What is Human Trafficking?
January is National Human Trafficking and Slavery Awareness and Prevention Month.
Learn more about human trafficking and how Safe Horizon helps victims of modern-day
slavery.
Human trafficking, also described as modern-day slavery or involuntary servitude, affects an
estimated 700,000 to 2 million people around the globe every year. Of this number,
thousands of victims land in the United States – with New York City serving as a major
destination and transit point.
Traffickers often transport individuals from their home countries to unfamiliar destinations, leaving them defenseless
and vulnerable. Victims are often forced, through physical violence and psychological threats, to engage in sex acts or to
perform work under slavery-like conditions. Trafficking in persons is a violation of human rights.

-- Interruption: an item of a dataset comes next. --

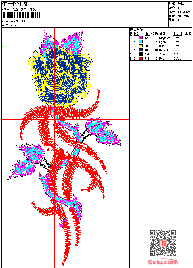 - 版带文件需绣花软件方可打开,可配色打印导出各种格式或直接上机绣。如无绣花软件可下载1:1模拟效果图。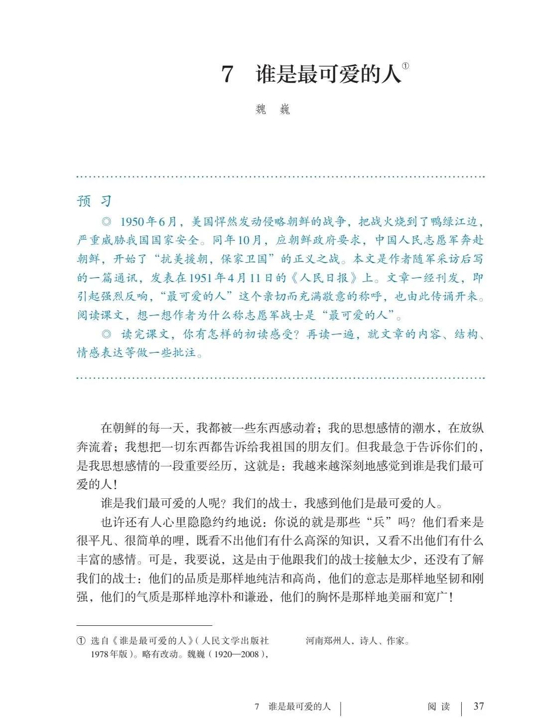 誰是我們最可愛的人呢?我們的戰士,我感到他們是最可愛的人。

The United States made human trafficking a federal crime in 2000 with the passage of the Trafficking Victims Protection
Act (TVPA). New York State also made human trafficking a crime in November 2007.
Two Main Types of Trafficking
According to the Trafficking Victims Protection Reauthorization Act of 2008, the different types of trafficking are

Sex trafficking: In which a commercial sex act is induced by force, fraud, or coercion or in which the person
induced to perform a sex act is not yet 18 years of age (child sex trafficking).

Labor trafficking: Recruiting, harboring, transporting, providing, or obtaining a person for labor or services,
through using force, fraud, or coercion. The person is subjected to involuntary servitude, debt bondage,
peonage, or slavery.
There are three common elements to trafficking cases on which both international and federal definitions agree:

Process - the victim is recruited, transferred, harbored, obtained, or moved by a trafficker.

Means - the trafficker uses force, fraud, coercion, abduction, threat, deception, or the abuse of power to gain
control over the victim.

End - the victim is exploited for forced labor, involuntary servitude, slavery, debt bondage, or commercial sex
acts.
Smuggling vs. Trafficking
Trafficking and smuggling are two different crimes, and law enforcement regards trafficked persons and smuggled
persons in different ways.
Trafficking involves:

An element of coercion. A person cannot consent to enslavement.

A restriction of movement, withholding documents, providing low or no pay, etc.

Crime or violation against a person.

Subsequent exploitation and/or forced labor.

Trafficked persons are seen as victims by the law.
Smuggling involves:

Unauthorized border crossings.

No coercion.

Facilitated illegal entry of person from one country to another.

Smuggled persons are seen as criminals by the law.
It is important to distinguish between trafficking and smuggling, in order to identify those who are trafficking victims and
to provide appropriate services.
Some Questions to Consider
If you are a service provider, the Safe Horizon Anti-Trafficking Program recommends that you incorporate the following
questions into your client assessment. Answers to these questions can reveal whether or not your client may be a victim
of trafficking. These questions alone will by no means serve as a comprehensive assessment of a trafficking case. Please
contact Safe Horizon's Anti-Trafficking Program for assistance.

Did the person come to the United States for a specific job or other purpose?

Upon arrival, was the person forced to do different work than what he/she was promised?

Does the person have access to his/her personal documents, identification papers, etc.?

Does the person owe money to the employer?

Can the person leave his/her present situation?

Has the person been threatened with harm or deportation if he/she tries to leave?

Have family members been threatened?

Is the person's freedom restricted in any other way?